Artystyczna mozaika w Jasielskim Domu Kultury
W piękne środowe popołudnie w Jasielskim Domu Kultury odbyło się podsumowanie sezonu artystycznego 2008/2009. Zgodnie z nazwą koncertu, była to swoista mozaika artystyczna. Na scenie zaprezentowano efekty wspólnej pracy instruktorów, a przede wszystkim dzieci i młodzieży uczęszczających na zajęcia do tej placówki kulturalnej.
Organizatorzy podzielili dzisiejszy koncert na dwie części. W pierwszej części można było usłyszeć fragmenty muzyczne w wykonaniu solistów i zespołów działających przy Jasielskim Domu Kultury, natomiast druga część była poświęcona formom tanecznym i małym formom teatralnym.
– Stali bywalcy Jasielskiego Domu Kultury znają zapewne poczynania młodych artystów, którzy tutaj pracują. Dzisiaj pragniemy zaprezentować w pigułce wszystkie formy artystyczne i jednocześnie podziękować wszystkim uczestnikom zajęć za wszystkie godziny, dnie, a sumując tygodnie naszych wspólnych spotkań. – powiedziała Krystyna Kasprzyk, dyrektor Jasielskiego Domu Kultury.

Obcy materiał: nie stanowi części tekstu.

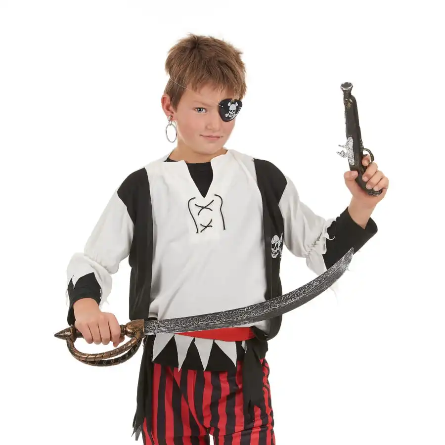 Confirmez votre appartenance Ă l’Ă©quipe des redoutables pirates des mers avec ce Cache-oeil et accessoires en plastique (Ă©pĂ©e, pistolet, boucle d’oreille) d’ancien pirate pour enfant et adulte.

Koncert rozpoczął się występem Marleny Momot, która zaprezentowała fragment „Cyrku marionetek”. Właśnie ona znalazła się na eliminacjach wojewódzkich 53. Ogólnopolskiego Konkursu Recytatorskiego i tam jako jedyna zakwalifikowała się do etapu centralnego. Jednocześnie była najmłodszym uczestnikiem tego konkursu.
– Wywiedziony ze słowa to jest taka nowa forma teatralna, która bierze swój początek od słowa. Słowo jest pretekstem do przeróżnych działań artystycznych. – mówi Helena Gołębiowska, wicedyrektor Jasielskiego Domu Kultury.
W pierwszej odsłonie koncertu mogliśmy posłuchać m.in. solistów: Małgorzaty Nowickiej, która zdobyła II nagrodę na IV Festiwalu Piosenki Dziecięcej i Młodzieżowej TEN TON w Warszawie, Mirka Gotfryda oraz odkrycie tegorocznej edycji Festiwalu Carpathia Rafała Kamińskiego. Wystąpiły również zespół wokalny FERMATA oraz zespół kameralny AD LIBITUM. Natomiast w drugiej części ze swoim przedstawieniem zaprezentował się teatrzyk kukiełkowy TEATRALEK oraz zespoły taneczne: R REWOLUTION i FUNK FLOW CREW.
Na widowni zasiedli dzisiaj rodzice, opiekunowie, dziadkowie młodych artystów. Ze względu na ograniczony czas koncertu, nie wszyscy uczestnicy zajęć artystycznych mogli wystąpić przed szeroką publicznością. Ale o ich wyczynach na scenach całego kraju, a nawet poza jego granicami z pewnością jeszcze usłyszymy.